Clavada en sus pensamientos, un golpe en la mesa la trajo de vuelta a la realidad. Frente a ella, una botella de agua, y a su lado, Diego recostándose sobre su silla, mirándola fijamente.

—¿Qué? —preguntó intentando sonar agresivo, pero con la voz suave que salía de sus labios, el resultado era todo menos intimidante. Eso, sumado a la diminuta sonrisa que se dibujaba en sus labios por el disfrute que el rostro asombrado de Amalia le provocaba, volvía su monosílabo una perfecta y dulce escena—. ¿No lo quieres? —insistió Diego desafiante, sin quitarle los ojos de encima.

—Sí, gracias. Así que... ¿también puede ser amable? —respondió ella para hacer evidente su sorpresa.

Diego mantuvo su mirada sobre ella. Tenía los ojos de un color azul tan oscuro que podría confundirse sin problema con el negro de los ojos de Amalia. Sin responder, volvió a su mundo y el día continúo en silencio, como de costumbre. Lo maravilloso de este evento, fue que se repitió cada día.

—¿Quieres? —preguntaba Amalia enseñando su almuerzo, y Diego tan sólo volvía con un agua. Así, sin decir nada. Hasta que entonces, sucedió.

—¿Por qué comes eso? ¿eres anoréxica? ¿no te da hambre?

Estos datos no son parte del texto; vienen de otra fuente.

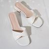 2025Новая Мода Открытый Носок Однотонный Простой Кожаный Верх Универсальный Конфетный Цвет Большие Шлепанцы Квадратный Каблук Обувь Женская

Diego cambió aquella tarde el típico tono desafiante que usaba con Amalia, por uno burlesco y despreocupado. Miraron juntos el almuerzo, y en efecto: solo ensaladas, y claro que Amalia quedaba aún con hambre, pero no hablaba con Elena, ¿cómo podría haberle dicho?

—No es asunto tuyo —sentenció.

Giró su cuerpo y retornaron al silencio.

Esa noche, Amalia casi no descansó. Llevaba días en que en sus sueños lo único que podía ver, era el azul intenso de los ojos de Diego.

La mañana siguiente, Elena preparaba el desayuno sola, ya que Ernesto estaba aún de turno. Al momento de retirarse, tomó la típica lonchera del almuerzo de su hija para cariñosamente ofrecerle su dedicada preparación.

—Amalia, toma, tu almuerzo —dijo extendiéndole el paquete. Pero Amalia no lo recibió. Titubeó un segundo, y habló:

—Elena, tú... ¿crees que puedas poner un poco más de carne y algo de arroz?

Estaba avergonzada, aquella era la primera vez que le pedía algo a Elena, quien tuvo que hacer un gran esfuerzo para disimular su sonrisa triunfante.

Aquella mañana, Diego no fue a clases. Faltó por tres días.